"Legally Blonde" a Guilty Pleasure

By Geary Danihy

We go to different restaurants for different experiences. The local bar and grill may not offer haute cuisine but it provides atmosphere and, often, camaraderie and characters. If we want to put on the dog, we go to a four-star restaurant and have our palate (and our wallet) challenged. And then there are the “theme” restaurants that we dine at not so much for the exquisite cuisine as for the often funky fun of it all, the glitz and the in-your-face style, and damn the calories.

So it is with musicals -- some offer comfort food, some are exercises in theatrical existentialism (think the current “If/Then”), and some...well, they glitter, they shine, they add a couple of inches to your mental waistline and...well...you just don’t give a damn because you have such a good time. Such is the case with “Legally Blonde,” which recently opened at the Connecticut Repertory Theatre up in Storrs. It’s a visual and audile high-caloric repast that does what it sets out to do, which is entertain. Perhaps it’s a guilty pleasure, but every once in a while you’re allowed.

The musical, with book by Heather Hach and music and lyrics by Laurence O’Keefe and Nell Benjamin, is based on a novel by Amanda Brown and a 2001 movie of the same name. In all cases, the focus is Elle Woods (Courtney Hammond), an apparently ditzy blonde, the ultimate “Oh My God!” California sorority girl (she’s president of UCLA’s local chapter of Delta NU) who is majoring in design and believes shopping, especially for a man (it’s a god-like, transformative experience), is an ethereal event. She also believes she is about to become engaged to Warner Harrington III (Will Graziano), but he dumps her for a more “serious” young lady, Vivienne (Whitney Andrews), who will aid him in his career path to the U.S. Senate. Initially, Elle sulks but then decides to pursue her one true love to Harvard Law School, proving to him that she can be as serious as the next business-suited legal-beaverette.

Once at Harvard (her entry essay is, if nothing else, unique, since it involves cheerleaders), she initially gets kicked out of class by Professor Callahan (David Adkins), but a recent graduate and teaching assistant, Emmet (Colby Lewis), takes her under his wing. She buckles down to work and soon lands an internship in Callahan’s firm, which is handling the murder trial of fitness queen Brooke Wyndham (Khetanya Henderson), accused of murdering her husband. Given moral support by Paulette (Nicole Lewis), a hairdresser, Elle helps win the case, finds self-esteem in her “pink” approach to life and ends up valedictorian of her graduating class.

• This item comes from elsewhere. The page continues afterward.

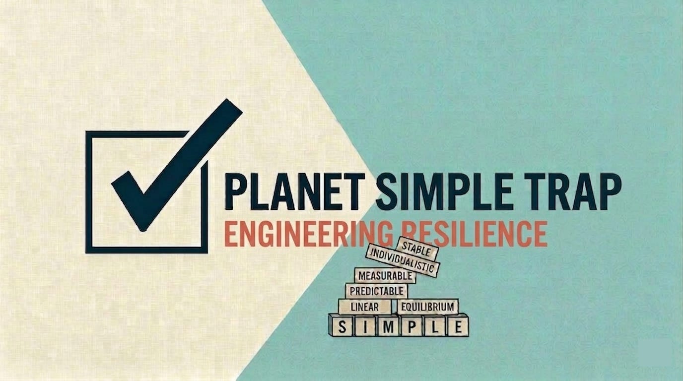 The problem is that engineering resilience, pursued consistently, produces the same outcome as the ultimate Planet Simple trap: a system that’s increasingly tightly optimized and increasingly brittle. A system that is good at bouncing back from predictable disruptions but fundamentally unprepared for the disruption that changes the landscape entirely.

Hokum? Of course it is, but if you want angst and intensity go find where “The Three-Penny Opera” is currently playing and enjoy. If you opt for CRT and are seeking intensity and angst you’ve obviously come to the wrong restaurant, ah, theater…don’t blame the theater. CRT’s production doesn’t shy away from the fact that “Legally Blonde” is, basically, eye and ear candy. In fact, the lighting design by Sean Nicholl, the sets by Matthew Iacozza and the projections created by Iacozza and Erika Johnson, emphasize the fact -- they’re glitzy, stylish, often somewhat over-the-top, but that’s the gestalt of the musical.

As Elle, Hammond is perkiness personified. She’s bouncy, bright and owns the stage whenever she dances or strides across it…and it doesn’t hurt that pink becomes her. Her fine performance is matched by Lewis’s, who milks the role of Paulette for all of it’s comedic worth. There’s a lot of fine work done by the actors in supporting roles, many of them students at UCONN. Proving the point that there are no small roles for the dedicated actor, Saul Alvarez as Nikos and Chester Allan Martin as Carlos do some nice work in the trial scene near the end of the second act. They’re not on for long, but you remember them, as you will the two dogs created by Carianne Hoff -- they’re puppets!

As spring finally sets in, I can’t think of a better way to lighten spirits dampened and chilled by winter than an evening at CRT watching “Legally Blonde.” No, there are no heavy messages or lessons to be learned (contrary to director Gerry McIntyre’s suggestion in the program notes), just a lot of light-hearted fun that is announced by the show’s opening number: “Omigod You Guys.” Just be careful. When you leave the theater you may experience an uncontrollable urge to go out and shop.